Ok your installation should be fine now, so let’s do an example…. For this example let assume we have stored in HBase a schema named TestTable, and column family named A, we have also several fields named field0, field1,…, and we want to extract this information and store it into ‘results/extract’.  In this case the pig script will looks like:

my_data = LOAD 'hbase://TestTable' USING org.apache.pig.backend.hadoop.hbase.HBaseStorage('A:field0 A:field1', '-loadKey=true') as (id, field0, field1);

store my_data into 'results/extract' using PigStorage(';');

So the above script indicate that the my_data relation will contains the fields “field0, field1” and the ID (due to the -loadKey parameter). These fields will be stored as id, field0, field1 under the ‘result/extract’ folder and values will be separated by semicolon.

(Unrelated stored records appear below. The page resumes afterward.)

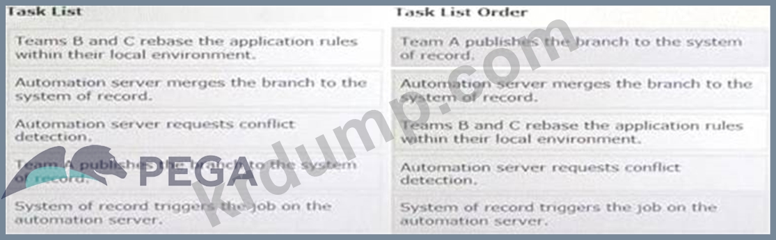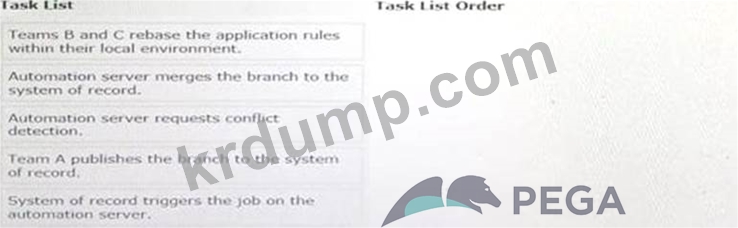모든 개발 팀이 최신 버전의 공유 룰 베이스로 작업하도록 하려면 다음 태스크를 모두 선택하여 태스크 목록 순서 열로 이동하고 올바른 순서로 배치하십시오.
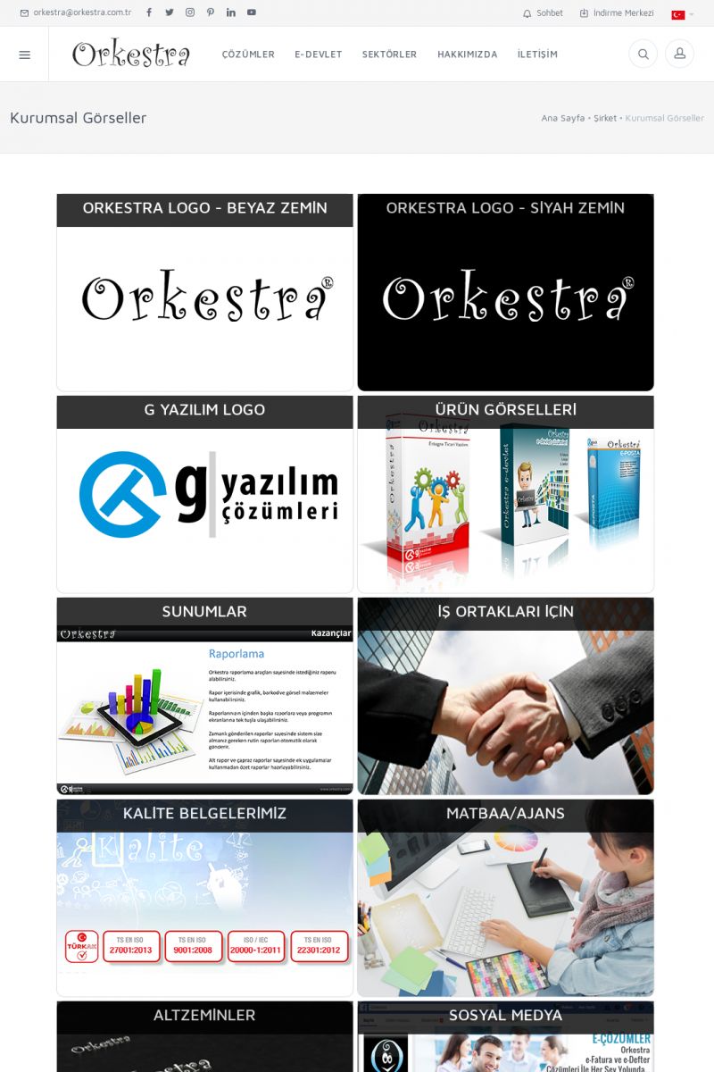 | 12 |  | Orkestra / G Yazılım İçin Kurumsal Görseller SayfasıBu sayfa içerisinde Orkestra ve G Yazılım Ltd. Şti. ye ait kurumsal görseller yer almaktadır. Kurumsal görsel sayfasındaki görsellerin indirme ve önizleme işlemlerini yapabilmek için lütfen sayfa içerisindeki resimlere tıklayınız. KISA ERİŞİM KODU : XYME / ARA12 | |
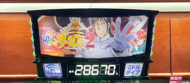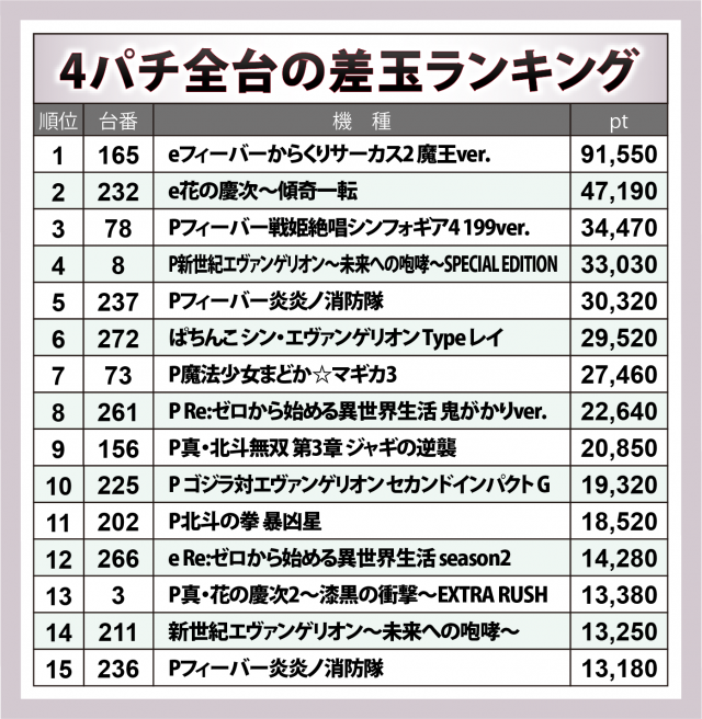 3度連続で15台がオール5桁のプラスを達成し、+20,000個以上は9台、+30,000個オーバーは5台、+40,000個オーバーは2台、そして『eフィーバーからくりサーカス2 魔王ver.』165番台が+91,600個弱の超絶出玉で頂点に上り詰めた。

You can also use some comparison operator on the key. The current operator supported are lt, lte, gt, gte for lower than, lower than or equal, greater than and greather than or equal.

 Note: There is no support for logical operator, you can use more than one comparison operator which are chained as AND.

Limitations:

The current HBaseStorage, does not allow the usage of wildcard, that is if you need all the fields in a row, you need to enumerate them. Wildcard are supported in version 0.9.

You can use HBaseStorage to store back the records in HBase nevertheless the HBase usage is incosistent a bug was already opened on this.